__Records provided__.

———

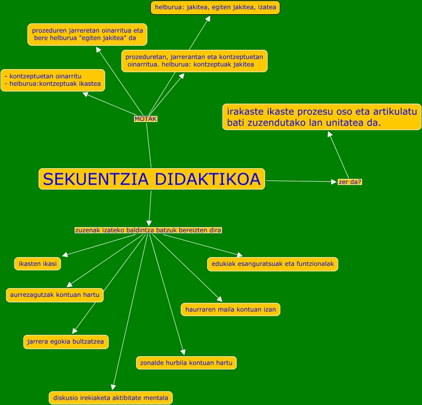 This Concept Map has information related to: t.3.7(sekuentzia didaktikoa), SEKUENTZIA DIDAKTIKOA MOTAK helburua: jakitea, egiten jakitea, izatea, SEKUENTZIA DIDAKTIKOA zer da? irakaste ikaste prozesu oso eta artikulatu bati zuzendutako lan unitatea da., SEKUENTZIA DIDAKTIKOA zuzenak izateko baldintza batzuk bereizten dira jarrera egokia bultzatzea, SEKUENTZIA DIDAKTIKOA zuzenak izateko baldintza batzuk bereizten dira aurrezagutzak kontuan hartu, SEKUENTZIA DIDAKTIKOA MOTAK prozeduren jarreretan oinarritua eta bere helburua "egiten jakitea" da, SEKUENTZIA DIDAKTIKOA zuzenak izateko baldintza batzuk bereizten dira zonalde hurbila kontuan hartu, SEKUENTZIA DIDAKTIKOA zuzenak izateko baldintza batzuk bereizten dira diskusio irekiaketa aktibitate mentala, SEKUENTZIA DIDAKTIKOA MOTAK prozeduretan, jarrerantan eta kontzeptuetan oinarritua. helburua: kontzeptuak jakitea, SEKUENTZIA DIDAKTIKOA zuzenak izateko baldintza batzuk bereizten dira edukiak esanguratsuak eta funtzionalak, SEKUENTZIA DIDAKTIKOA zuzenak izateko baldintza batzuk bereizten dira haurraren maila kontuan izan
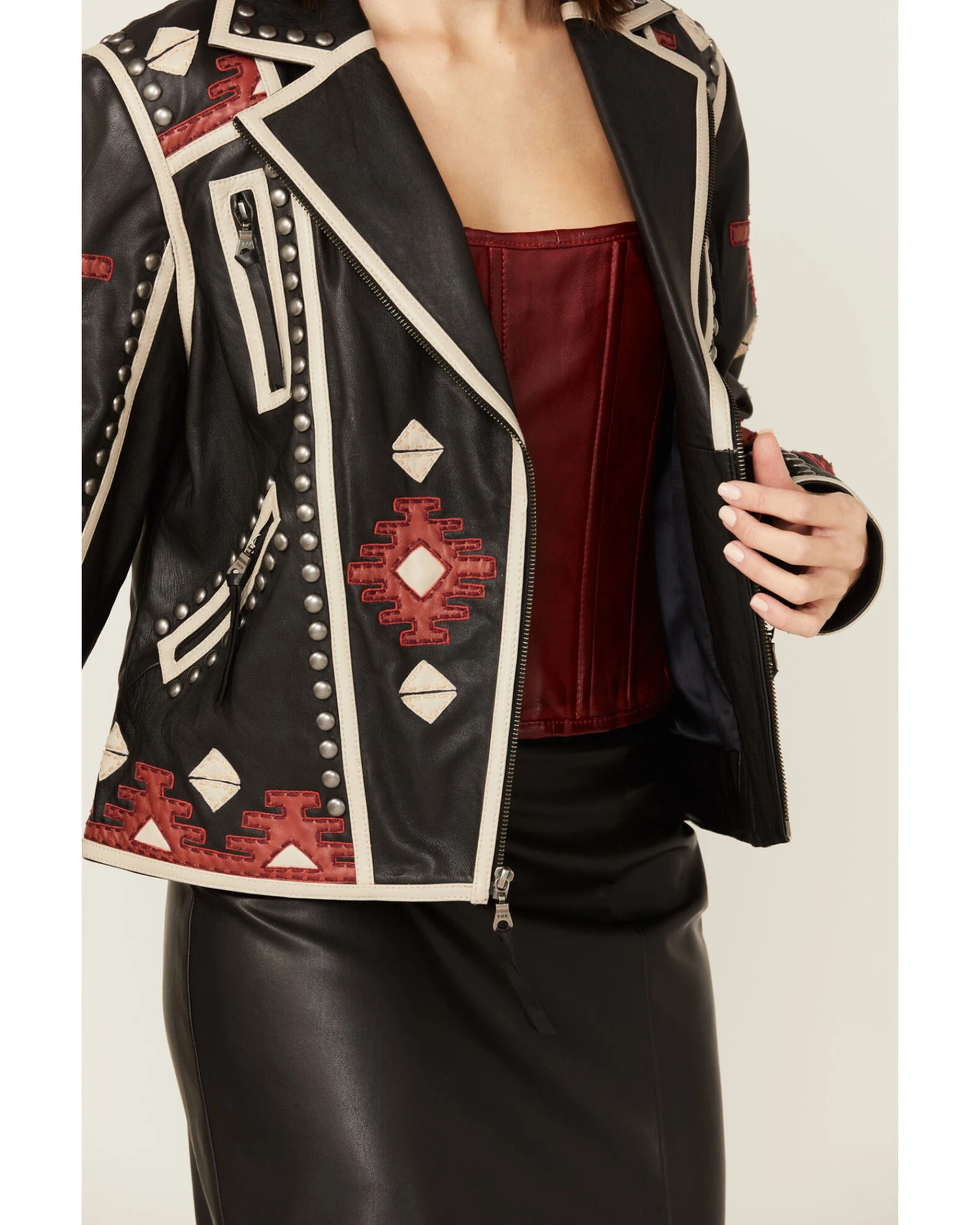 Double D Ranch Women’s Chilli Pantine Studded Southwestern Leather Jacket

———

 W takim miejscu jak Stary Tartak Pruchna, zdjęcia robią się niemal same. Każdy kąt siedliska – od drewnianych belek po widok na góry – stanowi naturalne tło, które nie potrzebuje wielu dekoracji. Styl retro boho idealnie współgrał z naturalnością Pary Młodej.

———

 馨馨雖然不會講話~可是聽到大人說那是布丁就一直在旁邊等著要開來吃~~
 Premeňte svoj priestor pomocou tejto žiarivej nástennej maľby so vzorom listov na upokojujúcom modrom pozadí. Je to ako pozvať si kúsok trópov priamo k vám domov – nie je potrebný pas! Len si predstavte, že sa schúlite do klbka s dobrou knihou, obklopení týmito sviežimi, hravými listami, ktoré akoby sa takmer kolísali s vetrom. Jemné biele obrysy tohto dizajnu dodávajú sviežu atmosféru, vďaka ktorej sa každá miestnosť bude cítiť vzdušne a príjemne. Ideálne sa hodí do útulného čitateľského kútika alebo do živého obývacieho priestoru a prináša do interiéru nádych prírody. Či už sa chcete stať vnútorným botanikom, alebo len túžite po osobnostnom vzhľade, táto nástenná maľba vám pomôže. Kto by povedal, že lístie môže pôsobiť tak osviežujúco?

———

__Try it__. Using the listing above, repeat word for word each line from the one with "This Concept Map" down to the one with "Double D Ranch", both included. Omit all pictures.

__Answer to this task__.
 This Concept Map has information related to: t.3.7(sekuentzia didaktikoa), SEKUENTZIA DIDAKTIKOA MOTAK helburua: jakitea, egiten jakitea, izatea, SEKUENTZIA DIDAKTIKOA zer da? irakaste ikaste prozesu oso eta artikulatu bati zuzendutako lan unitatea da., SEKUENTZIA DIDAKTIKOA zuzenak izateko baldintza batzuk bereizten dira jarrera egokia bultzatzea, SEKUENTZIA DIDAKTIKOA zuzenak izateko baldintza batzuk bereizten dira aurrezagutzak kontuan hartu, SEKUENTZIA DIDAKTIKOA MOTAK prozeduren jarreretan oinarritua eta bere helburua "egiten jakitea" da, SEKUENTZIA DIDAKTIKOA zuzenak izateko baldintza batzuk bereizten dira zonalde hurbila kontuan hartu, SEKUENTZIA DIDAKTIKOA zuzenak izateko baldintza batzuk bereizten dira diskusio irekiaketa aktibitate mentala, SEKUENTZIA DIDAKTIKOA MOTAK prozeduretan, jarrerantan eta kontzeptuetan oinarritua. helburua: kontzeptuak jakitea, SEKUENTZIA DIDAKTIKOA zuzenak izateko baldintza batzuk bereizten dira edukiak esanguratsuak eta funtzionalak, SEKUENTZIA DIDAKTIKOA zuzenak izateko baldintza batzuk bereizten dira haurraren maila kontuan izan
 Double D Ranch Women’s Chilli Pantine Studded Southwestern Leather Jacket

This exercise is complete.